####O DOM

Ele não olhou para ninguém. Não precisava. O caminho estava aberto. O centro estava livre. O X aguardava. Ele parou diante da cruz como quem encontra um velho conhecido — não com ternura, mas com uma objetividade quase íntima. Bastou um aceno mínimo, e duas assistentes surgiram das sombras, posicionando-se a dois passos de distância, mãos às costas, olhos baixos. O mestre de cerimônias, no canto, inclinou a cabeça em saudação. A noite tinha começado.

Chamar a mansão de “casa de prazeres” era empobrecer sua gramática. Havia prazer ali, sim, mas domesticado pela liturgia do controle. Havia dor, talvez; mas era uma dor que não se confundia com violência, do mesmo modo que um bisturi não se confunde com uma faca de cozinha. Havia beleza, uma beleza estranha — dessas que alguns rejeitam por não saber onde colocá-la na estante da alma.

No alto, quase invisível, uma ventoinha movia o ar com gentileza. A seda de um vestido sussurrou, um colar tilintou, a ponta de um sapato bateu uma vez, leve, no piso. Alguém molhou os lábios. Alguém apertou mais forte a própria gargantilha — gesto automático de quem, diante do altar, se lembra do credo.
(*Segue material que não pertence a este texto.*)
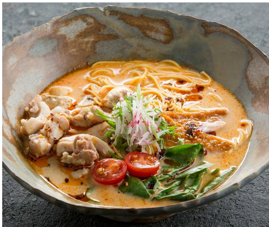
Лакса по-сингапурски с цыпленком 新加坡鸡肉加沙面 / Singapore Style Laksa with Chicken..... 430,00
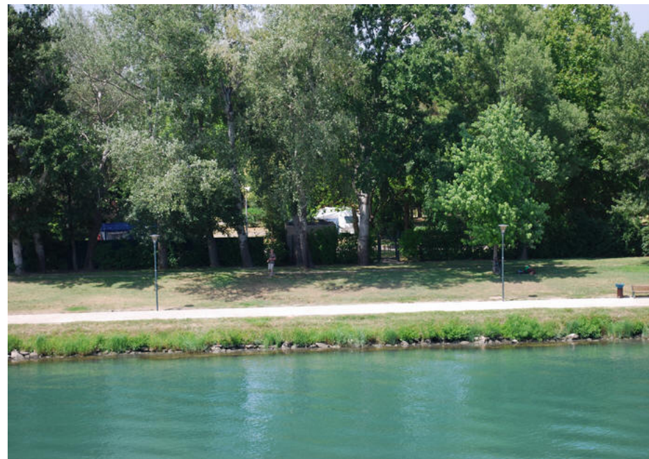
Vores plads fra Pont Avignon
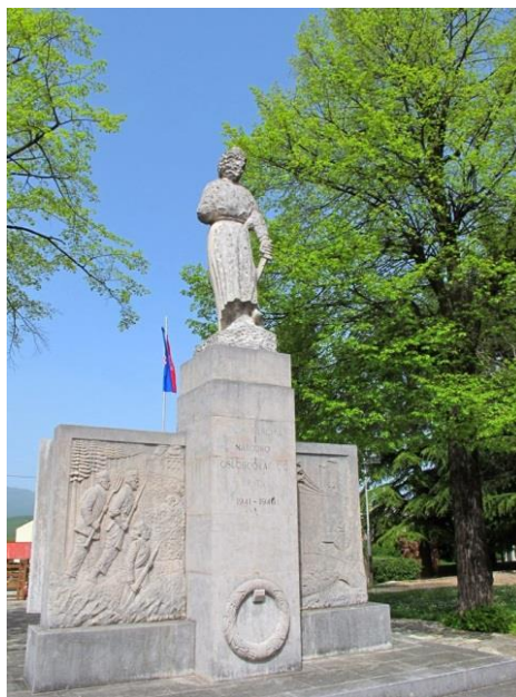
Slika 20: Spomenik palim borcima i žrtvama Viškova, Pehlina i Škurinja, Viškovo, (1950.), poledina spomenika
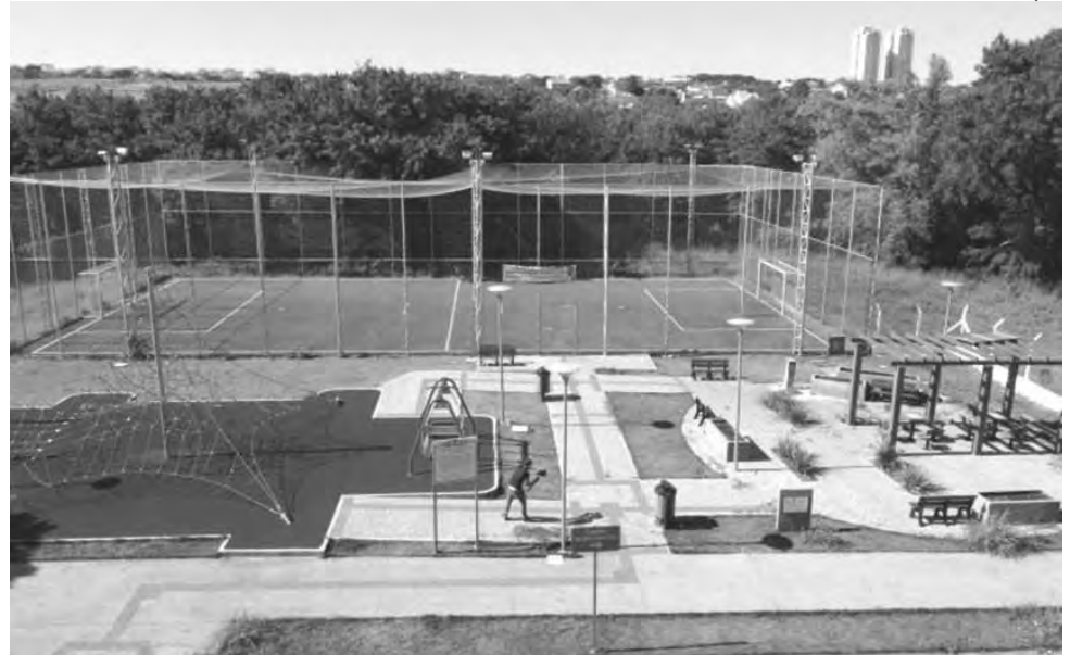
“Meu Campinho” construído no município de Maringá
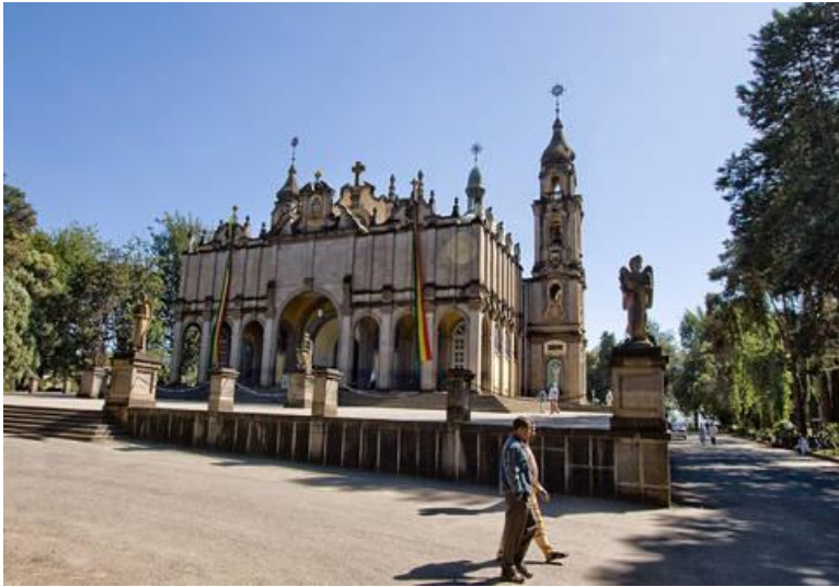
كاتدرالی سەینت جۆرج لە ئەدیس ئەبابا
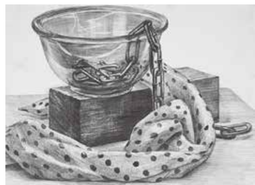
武蔵野美術大学 工芸工業デザイン学科 合格再現
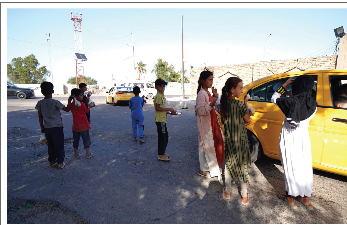
في أيام العيد.. اطفال يحاولون تدبير قوت أهاليهم بدل الذهاب إلى «المراجيح»

ان اعلان التوجهات امر مفيد ومهم، لكن العبرة لا تكمن في حسن النوايا على أهميتها، وانما في ان ترى تلك التوجهات النور وتتحول إلى واقع ملموس ومعاش، وان تكون في خدمة المواطنين جميعاً من دون تمييز.
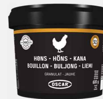
Hønbouillon granulat Halal 600 g bømte til 30,5 liter Varenr. 296043 EAN 5709347170869
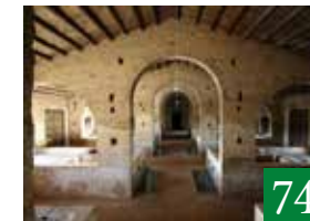
Wine Relais Feudi del Pisciotto
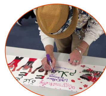
ガザの人々への寄せ書き
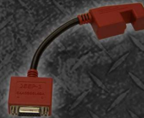
EAA0355L49A ADAPTADOR JEEP-1
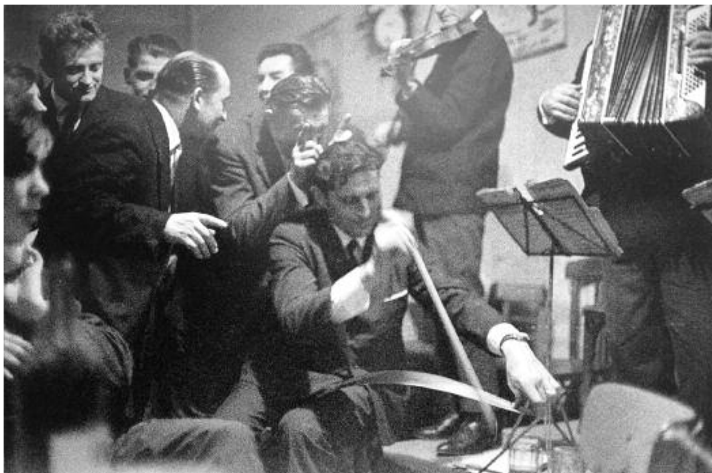
Všechny snímky pocházejí ze souboru autorky s názvem Vesnická tancovačka (1966).
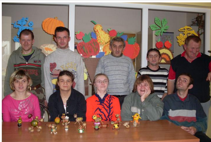
Uczestnicy SDŚ-u w pracowni artystyczno-plastycznej

Ziemniak, wraz z jesiennymi darami natury, posłużył do stworzenia różnych, wymyślonych przez
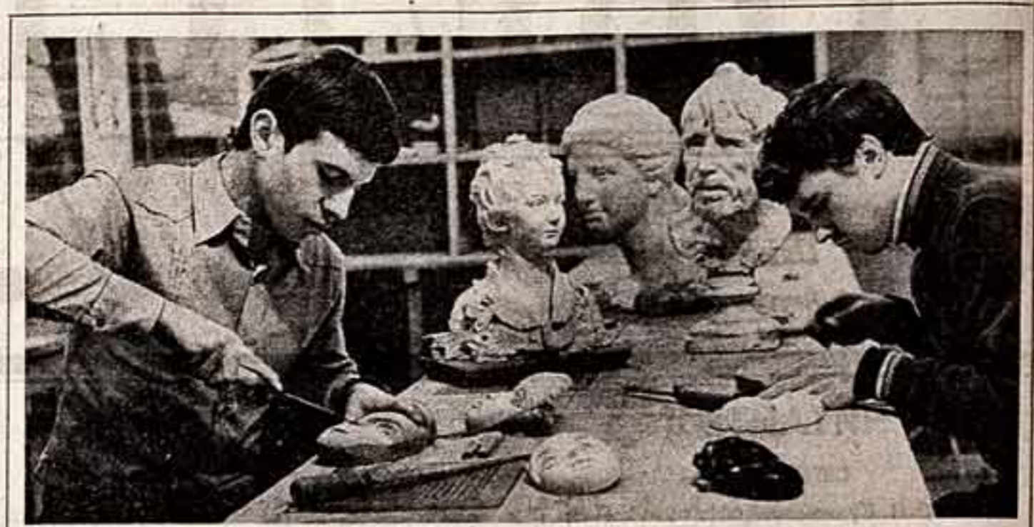
Московскому художественно-промышленному училищу исполнилось 55 лет. За это время его окончили более 5.000 специалистов художников — мастеров по ткачеству, вышивке, кружеву, росписи, короткохвосту, обработке камня, кости и дерева. Выпускники училища направляются на предприятия народно-художественных промыслов.

Семинар открыл директор Дома народного творчества Российской Федерации. Участники семинара обсудили итоги работы за последние годы.
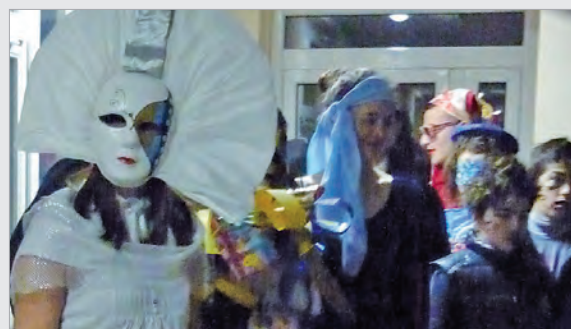
Ein Hauch von Venedig

Pas shkrirjes së borës, shumëqka që ishte mbuluar, u duk përsëri. Ishte arsye e mjaftueshme të bëhet një pastrim pranveror. Këtë e bën nxënësit tanë në një pasdite me diell.
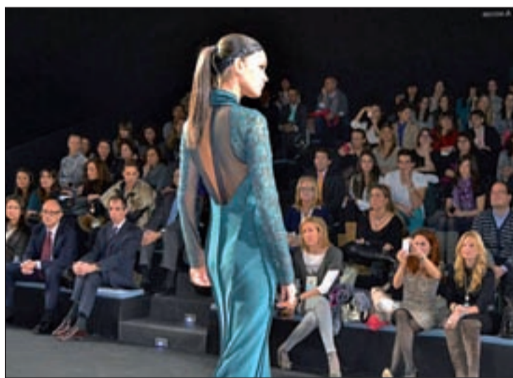
HOMENAJE A SU LEGADO El desfile, en el que ha predominado las faldas asimétricas con leggings debajo y el juego entre lo masculino y lo femenino, se ha convertido en un homenaje a Jesús y en un tributo a su legado.

tantísimo”. “La gestión del color, el como drapear directamente sobre el maniquí son técnicas de trabajo que él nos enseñó y, a partir de ahí, lo natural es que salga lo más afín a su trabajo”, ha señalado.
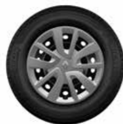
Calotas Magiceo 15"
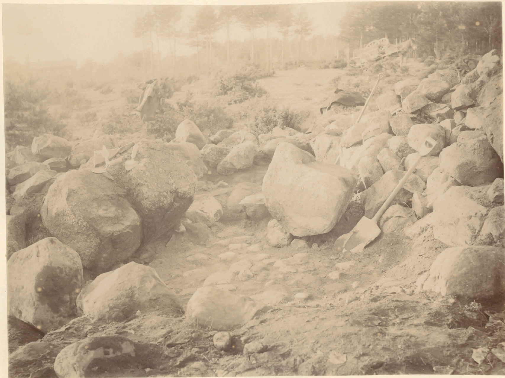
Gröföset från stenåldern i "Uotinmäen Kuluakunta". Melllersta området. Se H. J. Heikets berättelse 26 XI 1897 tidn. s. 54.
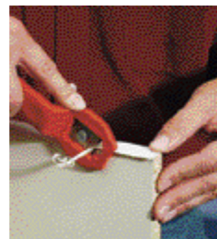
appianare i resti dei lati con una taglierina per bordi. Chi ne è in grado può usare la lima.
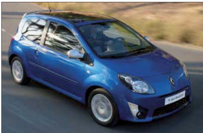
Der neue Twingo

Nach 14 Jahren ohne große Änderungen kommt Renault jetzt mit einem komplett überarbeiteten neuen Modell Twingo.
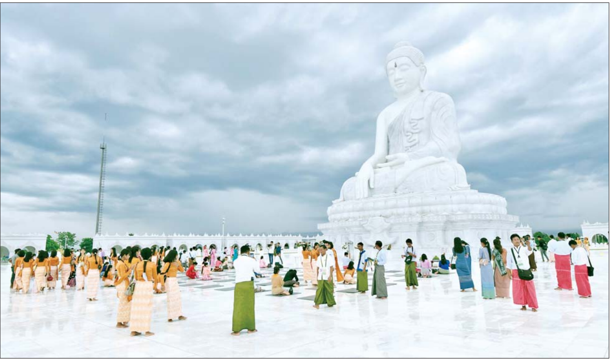
(၂၅)ကြိမ်မြောက် ငွေရတုအထိမ်းအမှတ် မြန်မာ့ရိုးရာယဉ်ကျေးမှု အဆို၊ အက၊ အရေး၊ အတီး (ဗဟိုအဆင့်)ပြိုင်ပွဲဝင်များ၊ အုပ်ချုပ်သူများနှင့် တာဝန်ရှိသူများ မာရဝိဇယဗုဒ္ဓရုပ်ပွားတော်မြတ်ကြီးအား ဖူးမြော်ကြည်ညိုကြစဉ်။

တည်ဆောက်ထားသည့် ဂန္ဓကုဋီတိုက်များ၊ ကျောက်စာရံစေတီတော်များနှင့် အဂ္ဂိမိပတိသာသနာ့ဗိမာန်တော်ကြီးကို ကြည့်ရှုလေ့လာ ဖူးမြော်ကြည်ညိုကြသည်။ ထို့အတူ ပြိုင်ပွဲဝင်များ၊ အုပ်ချုပ်သူများနှင့် တာဝန်ရှိသူများသည် ဥပ္ပါတသန္တိစေတီတော်မြတ်ကြီးအား သွားရောက်ဖူးမြော်ကြည်ညိုကြပြီး အလှူငွေများ လှူဒါန်းကြကာ ဆင်ဖြူတော်ထိန်းသိမ်း စောင့်ရှောက်ရေး ဥပ္ပါတသန္တိစေတီတော်များကို ကြည့်ရှုလေ့လာ၍ အာဟာရဒါန ကျွေးမွေးကြသည်။ ထို့ပြင် နေပြည်တော် Junction Center နှင့် ဥတ္တရသီရိ Ocean Super Center တို့သို့ သွားရောက်ကြပြီး အမှတ်တရ လက်ဆောင်ပစ္စည်းများ ဝယ်ယူခဲ့ကြကြောင်း သိရသည်။
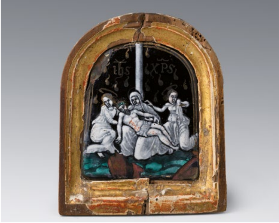
Figura 17. Portapau. Placa d'esmalt de Llemotges. La Pietat , segle XVI. MADB 40.086. Museu del Disseny de Barcelona

al segle XVI i l'únic del conjunt integrat actualment al Museu del Disseny de Barcelona (fig. 17).
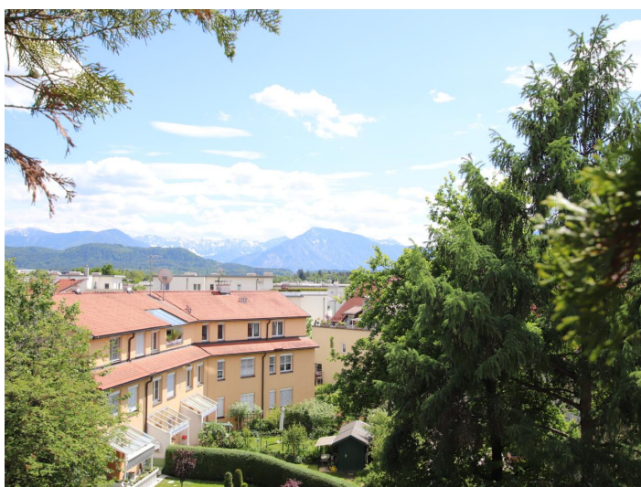
Penthouse 107m 2 mit 148m 2 XXL-Terrasse - Neptunweg
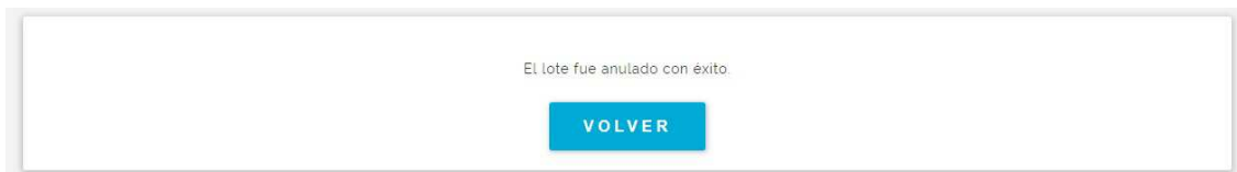
Fig. 10 Anulación de Lote, confirmación

10) Todos los lotes, ya sea que estén cerrados, anulados o presentados, se pueden consultar desde la opción “Buscar Lote” del menú de lotes (Fig. 3). Al ingresar a la misma se mostrará la siguiente pantalla, en la que se puede especificar el número de lote o el rango de fechas a consultar.
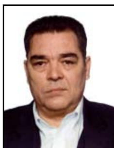
Barroso Vilas Boas Horacio Goodyear Luxembourg Tires
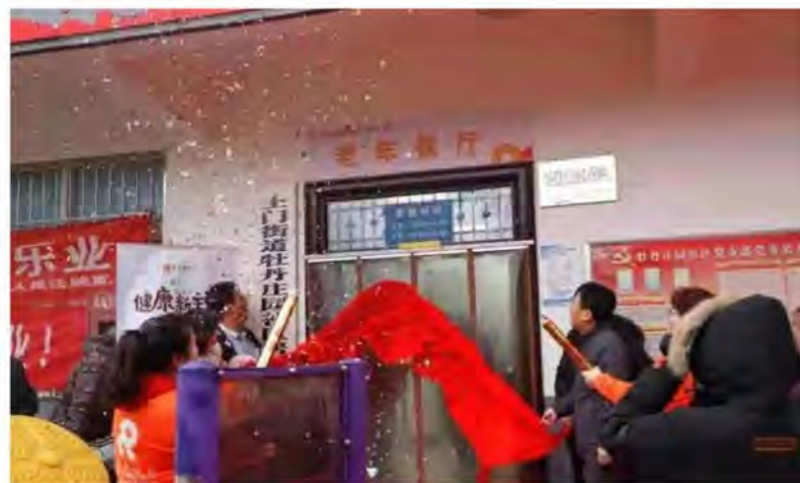
“老年餐厅”揭牌仪式
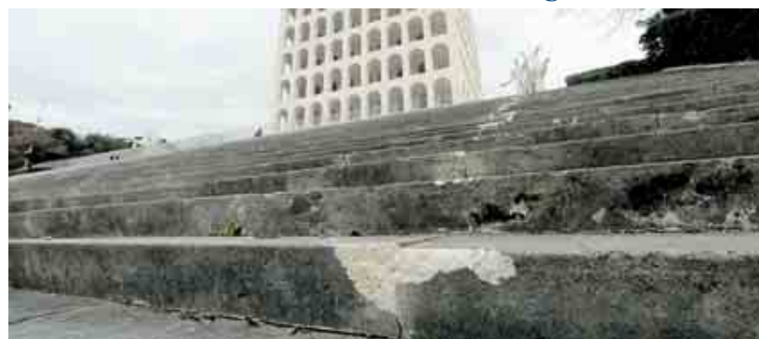
La scalinata danneggiata del Palazzo della Civiltà del lavoro, il colosseo quadrato

La scalinata del Palazzo della Civiltà sfregiata dal branco
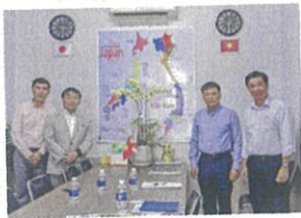
介護外国人材の調査 (ホーチミン)

まずは、積極的に取り組んでいる事業者との意見交換等を通じて、本市が中心となって連携のあり方を検討するとともに、地域一体となって送出機関への働きかけを強める方策につき、保険者として、県とも連携し探ってまいります。
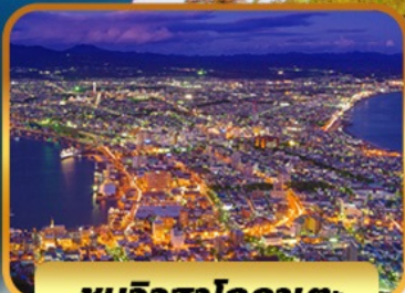
ชมวิวฮาโกดาเตะ

SPECIAL PROMO จอง 10 ท่านแรก ลด 2,000 บาท
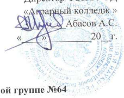
График проведения промежуточной аттестации в учебной группе №64 «Сварщик» За III семестр 2019-2020 уч. года
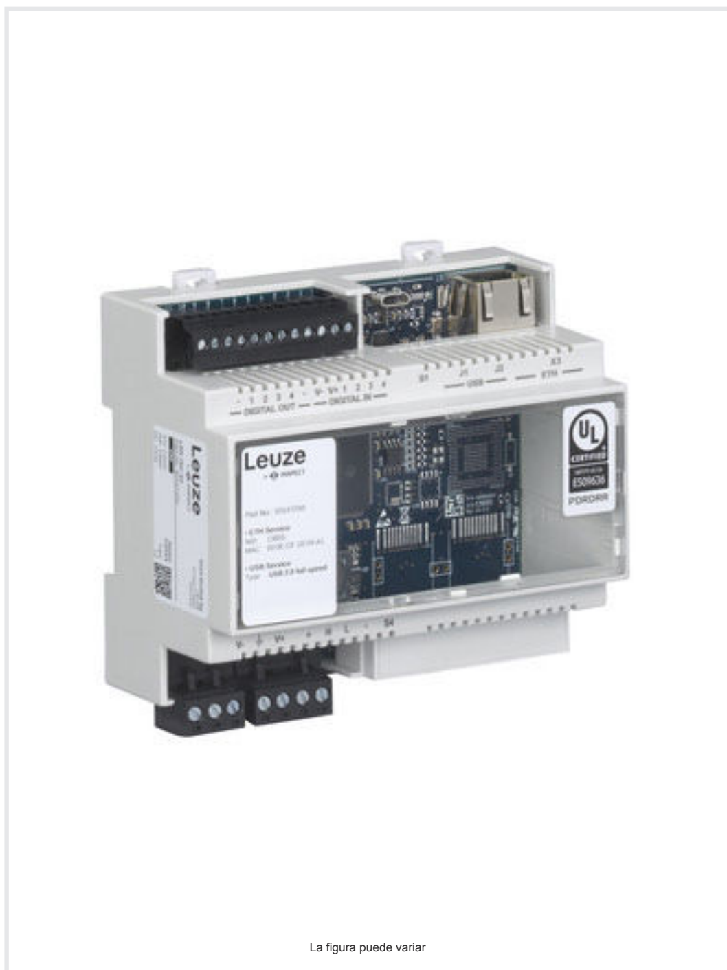
La figura puede variar
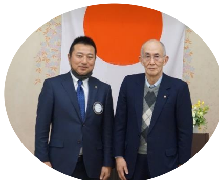
木畑会長代理よりRCバッチの贈呈がありました
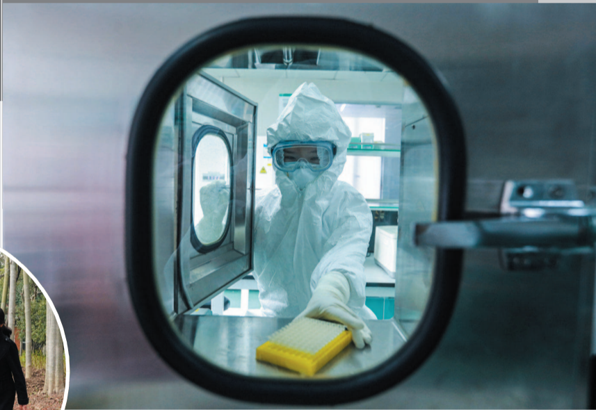
■ 上海金域医学检验所,核酸检测员传递待检测样本
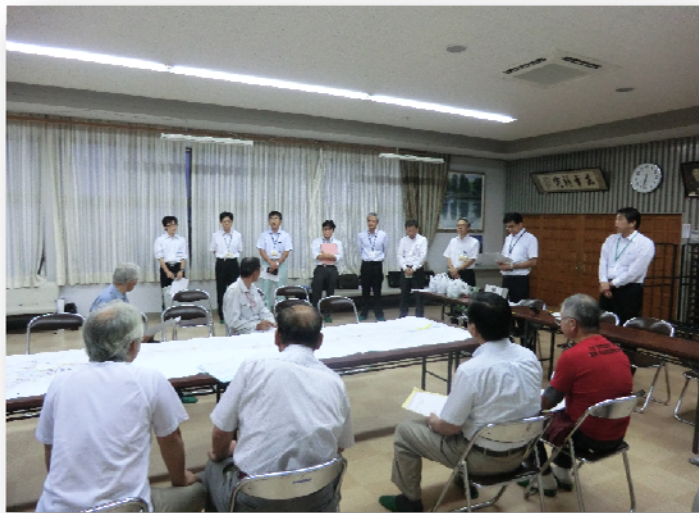
(事業推進協議会: 地元調整)

A Sala de Sodoma e Gomorra, ironicamente, era um lugar onde quase nada se perdia. Ao contrário do mito, ali o fogo não destruía — iluminava. Era um fogo controlado, posto em lampadários de bronze. Era um fogo que não queimava casas nem cidades, mas acendia olhos, dedos, vontades que, do lado de fora, tinham aprendido a viver de joelhos diante de outras liturgias: e-mails, metas, acionistas. Talvez por isso a mansão fosse tão procurada: porque, entre máscaras, alguns se sentiam, enfim, vistos.

Quando o Dom tirou, com um gesto minúsculo, o relógio do pulso e o entregou à assistente, o público recuou a respiração por um instante. Era o primeiro rito de desapego da noite: largar o tempo. Em seguida, retirou as luvas com a mesma paciência com que um restaurador toca uma pintura de trezentos anos: dedo por dedo, costura por costura, sem pressa, deixando o couro ceder em silêncio. Não havia pressa naquela casa. Havia cadência.

A música ganhou um fio de gravidade, como se alguém passasse a mão por baixo das notas e as sustentasse por um segundo a mais. O espelho, do outro lado, devolveu o perfil do homem com máscara com uma leve distorção — a mesma com que a água amplia uma figura dentro de um lago. Alguém sorriu. Alguém fechou os olhos. Alguém, sem perceber, pousou a mão sobre o próprio peito, onde, do lado de fora, usava um crachá com nome e cargo; ali dentro, nenhum crachá dizia nada — e, por isso mesmo, dizia tanto.

Quando a porta lateral se abriu, por fim, foi como se a sala soltasse um soluço contido. Ela entrou. A pulseira vermelha brilhou uma única vez, sob a luz de uma vela. Não era brilho de joalheria. Era sinal. O suficiente para que o semicírculo inteiro registrasse. A gargantilha, fina e firme, desenhava a curva do pescoço com uma precisão que beirava a caligrafia. A tatuagem, discreta, parecia uma assinatura escondida sob um traço de renda. Não havia vulgaridade. Havia um cuidado quase litúrgico no modo como duas mãos — as das assistentes — a conduziram até a cruz, como quem deposita um livro antigo sobre um suporte de leitura.

Nada foi apressado. Nada foi arrancado. Tudo foi concedido — e essa era a sacralidade da casa.

A primeira fivela fechou com um som pequeno, preciso, que quem ama relógios reconheceria. A segunda, no outro pulso, respondeu como um eco. O público não respirou mais alto nem mais baixo; apenas mudou a qualidade do ar dentro do peito. A sala, de repente, pareceu menor. O Dom, a dois passos de distância, inclinou a cabeça com um respeito que não era elogio — era pacto. E, por um segundo que não se pode medir em relógios, a mansão inteira ficou suspensa sobre o fio invisível que segura uma queda.

A queda, ali, tinha outro nome: começo.